▶ **Directions**
Give the data back exactly. Leave out any images.

▶ **Data extract**

------------------------------

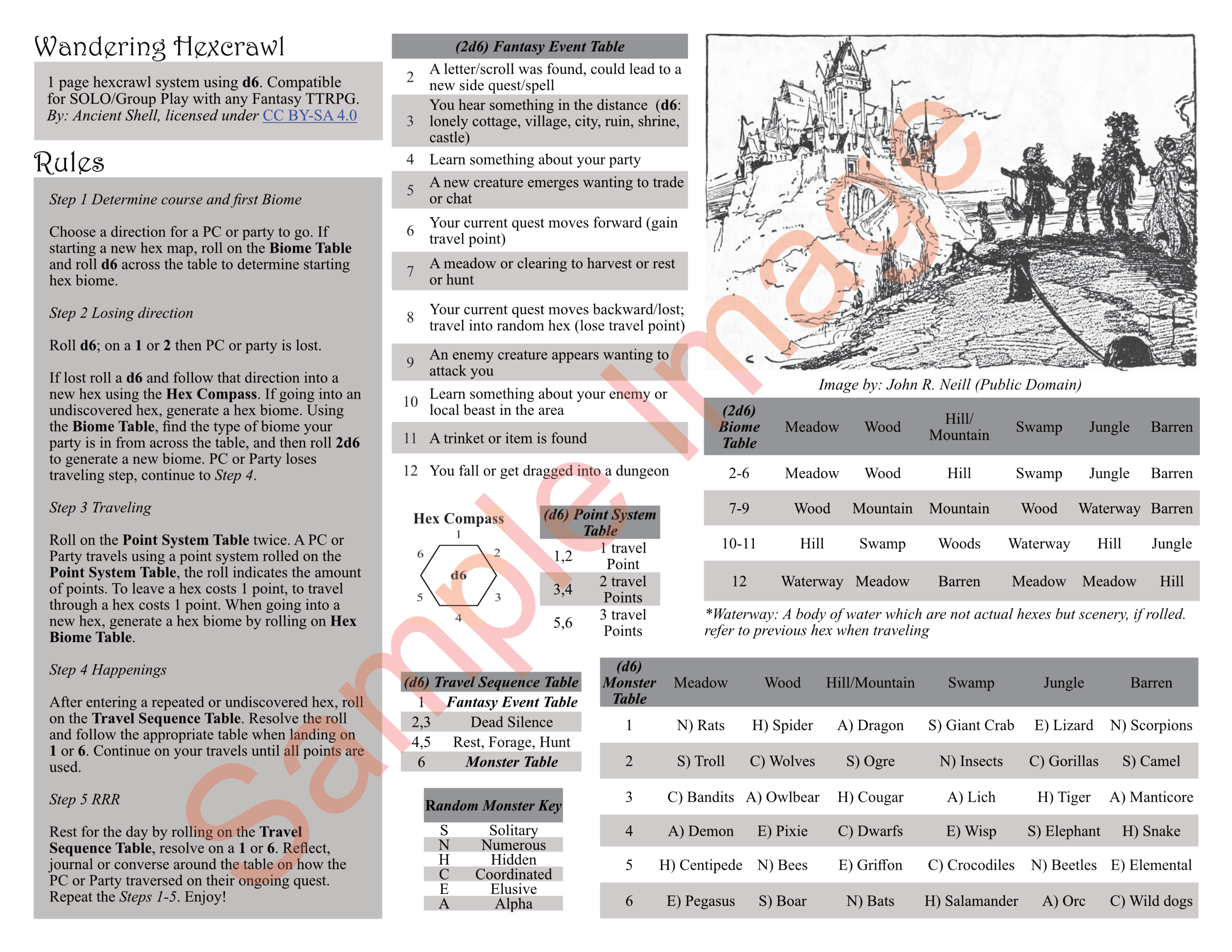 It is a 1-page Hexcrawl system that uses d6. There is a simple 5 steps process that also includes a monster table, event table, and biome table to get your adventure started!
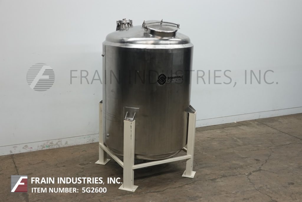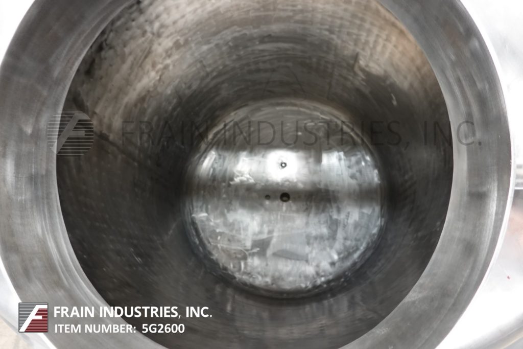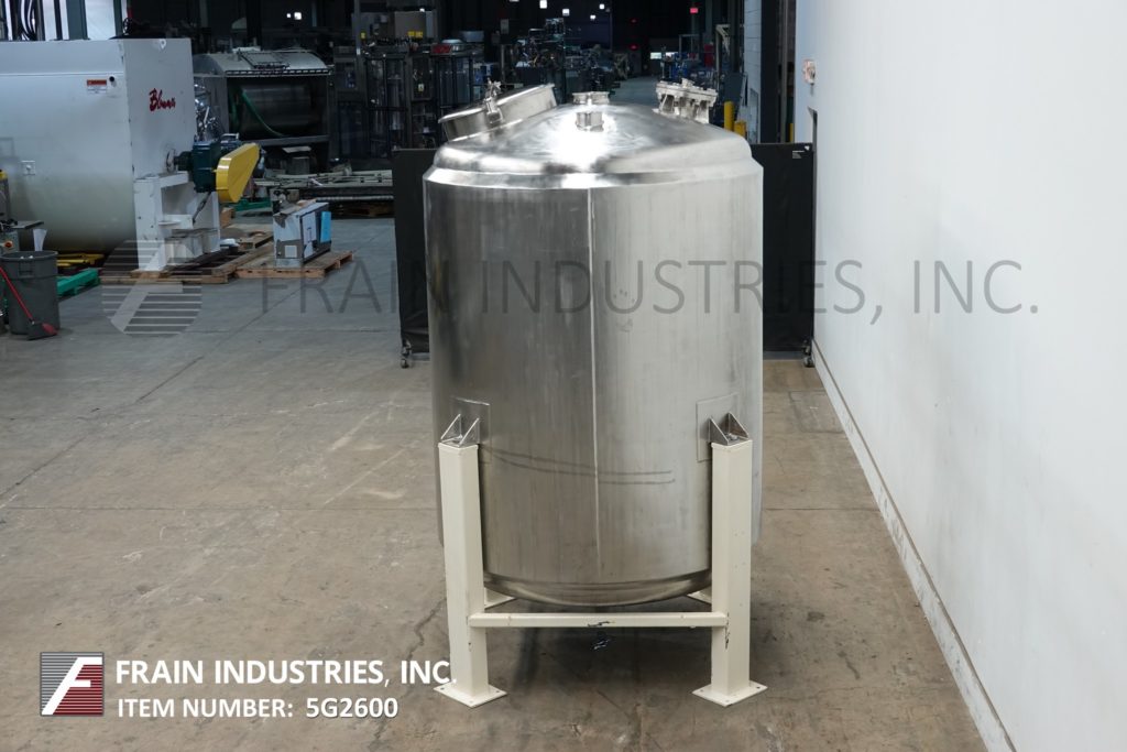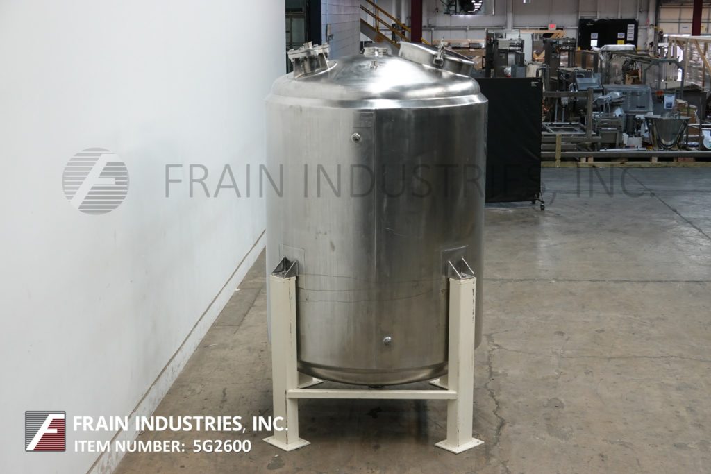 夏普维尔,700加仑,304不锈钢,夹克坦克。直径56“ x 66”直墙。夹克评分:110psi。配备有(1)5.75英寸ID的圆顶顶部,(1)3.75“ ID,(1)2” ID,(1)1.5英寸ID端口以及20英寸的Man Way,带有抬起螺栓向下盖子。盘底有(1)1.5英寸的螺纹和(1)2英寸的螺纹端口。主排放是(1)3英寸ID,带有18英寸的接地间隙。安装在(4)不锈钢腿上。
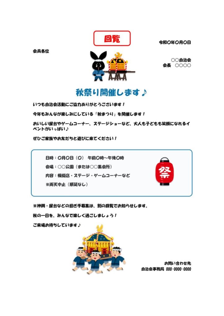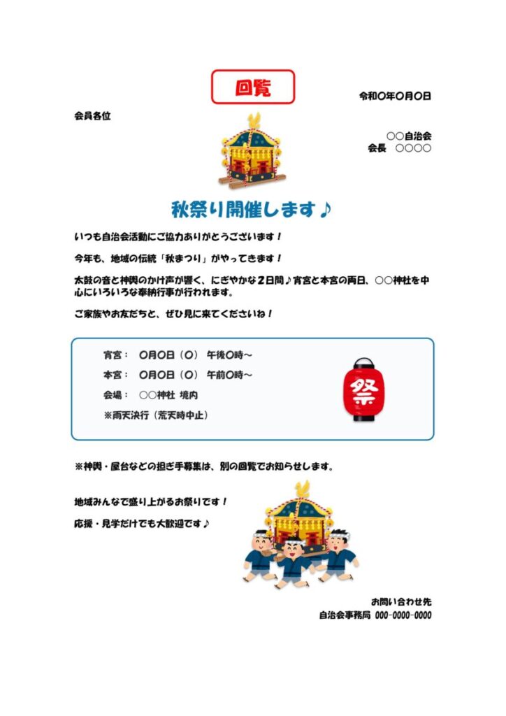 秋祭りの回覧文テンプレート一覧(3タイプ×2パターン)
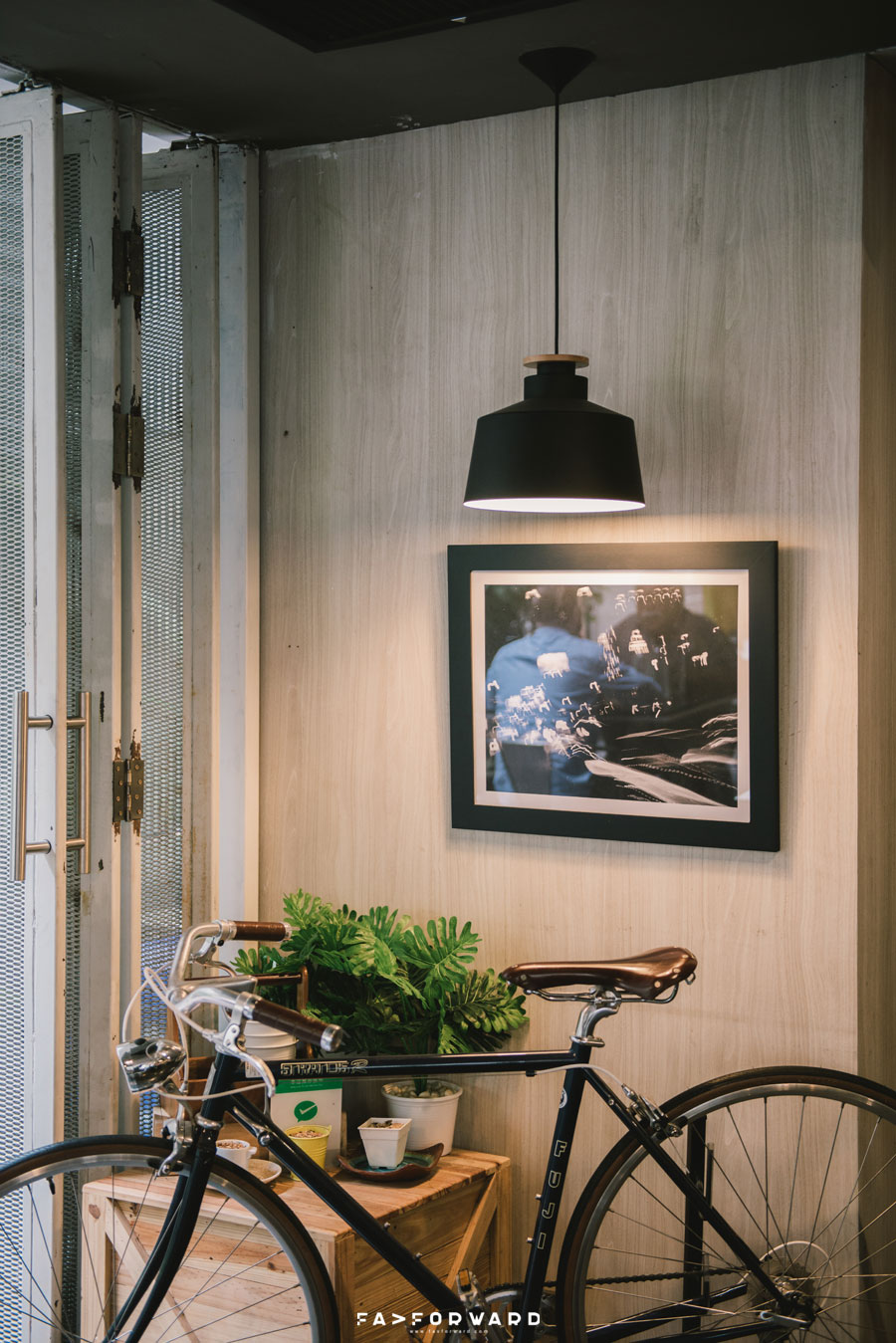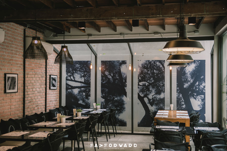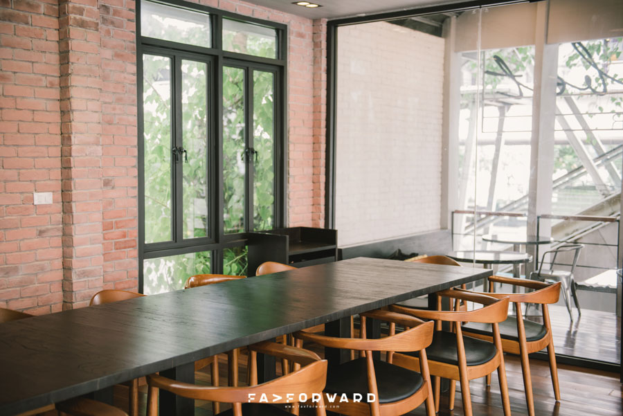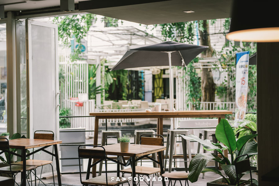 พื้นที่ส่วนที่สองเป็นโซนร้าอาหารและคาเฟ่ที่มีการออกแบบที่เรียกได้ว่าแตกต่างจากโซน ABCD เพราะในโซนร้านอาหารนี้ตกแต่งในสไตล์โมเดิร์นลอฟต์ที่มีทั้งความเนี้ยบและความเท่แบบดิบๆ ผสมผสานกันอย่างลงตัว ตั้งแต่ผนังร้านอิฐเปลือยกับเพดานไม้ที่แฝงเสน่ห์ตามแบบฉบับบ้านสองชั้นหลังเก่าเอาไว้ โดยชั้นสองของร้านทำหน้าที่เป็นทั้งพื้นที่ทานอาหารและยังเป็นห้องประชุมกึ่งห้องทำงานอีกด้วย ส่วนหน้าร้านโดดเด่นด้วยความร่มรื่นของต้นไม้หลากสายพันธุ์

------------------------------

▶ **Output below**
 It is a 1-page Hexcrawl system that uses d6. There is a simple 5 steps process that also includes a monster table, event table, and biome table to get your adventure started!
 夏普维尔,700加仑,304不锈钢,夹克坦克。直径56“ x 66”直墙。夹克评分:110psi。配备有(1)5.75英寸ID的圆顶顶部,(1)3.75“ ID,(1)2” ID,(1)1.5英寸ID端口以及20英寸的Man Way,带有抬起螺栓向下盖子。盘底有(1)1.5英寸的螺纹和(1)2英寸的螺纹端口。主排放是(1)3英寸ID,带有18英寸的接地间隙。安装在(4)不锈钢腿上。
 秋祭りの回覧文テンプレート一覧(3タイプ×2パターン)
 พื้นที่ส่วนที่สองเป็นโซนร้าอาหารและคาเฟ่ที่มีการออกแบบที่เรียกได้ว่าแตกต่างจากโซน ABCD เพราะในโซนร้านอาหารนี้ตกแต่งในสไตล์โมเดิร์นลอฟต์ที่มีทั้งความเนี้ยบและความเท่แบบดิบๆ ผสมผสานกันอย่างลงตัว ตั้งแต่ผนังร้านอิฐเปลือยกับเพดานไม้ที่แฝงเสน่ห์ตามแบบฉบับบ้านสองชั้นหลังเก่าเอาไว้ โดยชั้นสองของร้านทำหน้าที่เป็นทั้งพื้นที่ทานอาหารและยังเป็นห้องประชุมกึ่งห้องทำงานอีกด้วย ส่วนหน้าร้านโดดเด่นด้วยความร่มรื่นของต้นไม้หลากสายพันธุ์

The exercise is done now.